I.        DEFINITIONS

          Capitalized terms used in this Exhibit A and not otherwise defined herein shall have the meanings assigned to them in the Agreement to which this Exhibit A is attached (the “Agreement”). Additionally, the following terms shall have the meanings set forth below.

          “Affiliate,” means an entity affiliated with the Company.

          “Change in Control”. For purposes of this Agreement, a “Change in Control” means any one or more of the following events (except for a Sale of the Bone-Stimulation Business):

          (1)     When the individuals who, at the beginning of any period of two years or less, constituted the Board cease, for any reason, to constitute at least a majority thereof unless the election or nomination for election of each new director was approved by the vote of at least two thirds of the directors then still in office who were directors at the beginning of such period;

          (2)     A change of control of the Company through a transaction or series of transactions, such that any person (as that term is used in Section 13 and 14(d)(2) of the Securities Exchange Act of 1934 [“1934 Act”]), excluding Affiliates of the Company as of the Effective Date, is or becomes the beneficial owner (as that term is used in Section 13[d] of the 1934 Act) directly or indirectly, of securities of the Company representing 20% or more of the combined voting power of the Company’s then outstanding securities;

          (3)     Any merger, consolidation or liquidation of the Company in which the Company is not the continuing or surviving company or pursuant to which stock would be converted into cash, securities or other property, other than a merger of the Company in which the holders of the shares of stock immediately before the merger have the same proportionate ownership of common stock of the surviving company immediately after the merger;

          (4)     The shareholders of the Company approve any plan or proposal for the liquidation or dissolution of the Company; or

          Substantially all of the assets of the Company are sold or otherwise transferred to parties that are not within a “controlled group of corporations” (as defined in Section 1563 of the Internal Revenue Code of 1986, as amended (the “Code”) in which Parent is a member prior to such sale or transfer.

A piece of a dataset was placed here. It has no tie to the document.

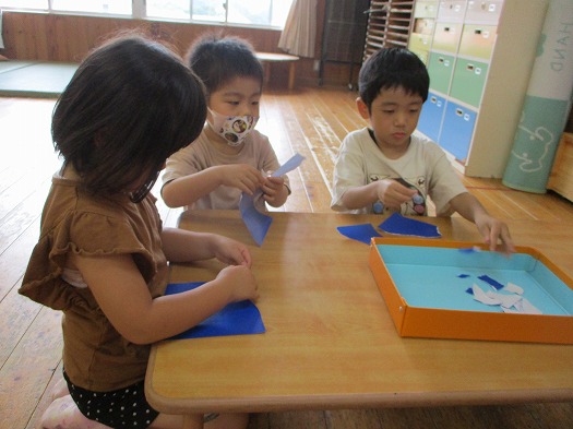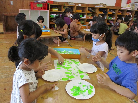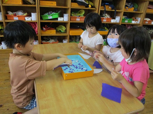 白いところがないようにぺたぺたと折り紙を貼り、完成するとグループのみんなで嬉しそうに保育者にみせていました。

          (5)     “Code,” means the Internal Revenue Code of 1986, as amended.

          (6)     “Sale of the Bone-Stimulation Business.” For purposes of this Agreement, a “Sale of the Bone-Stimulation Business” shall be deemed to have occurred if the Company sells or disposes of (in one transaction or a series of transactions) all or substantially all of the long-bone and spinal stimulation businesses presently conducted by the Company.

 


 

EXHIBIT B

CALCULATION OF SPECIAL BONUSES

I.       BONUS AFTER A CHANGE IN CONTROL

          Upon the closing of a Change in Control while he is still an employee of the Company, Employee shall be entitled to receive, as a lump sum, a special bonus payment according to the following schedule:

          *****

          If the net per share price falls between targets listed above, a straight-line interpolation of the lump sum bonus amount shall occur.

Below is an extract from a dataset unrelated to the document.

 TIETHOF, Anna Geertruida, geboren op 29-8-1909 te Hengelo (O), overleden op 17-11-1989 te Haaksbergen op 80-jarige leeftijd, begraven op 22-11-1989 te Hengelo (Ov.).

II.      BONUS AFTER A SALE OF THE BONE-STIMULATION BUSINESS

          Upon the closing of a Sale of the Bone-Stimulation Business while he is still an employee of the Company, Employee shall be entitled to receive, as a lump sum, a special bonus payment equal to one-half of 1% of the selling price.


**Text has been omitted pursuant to a confidentiality request. Omitted text has been filed with the Securities & Exchange Commission.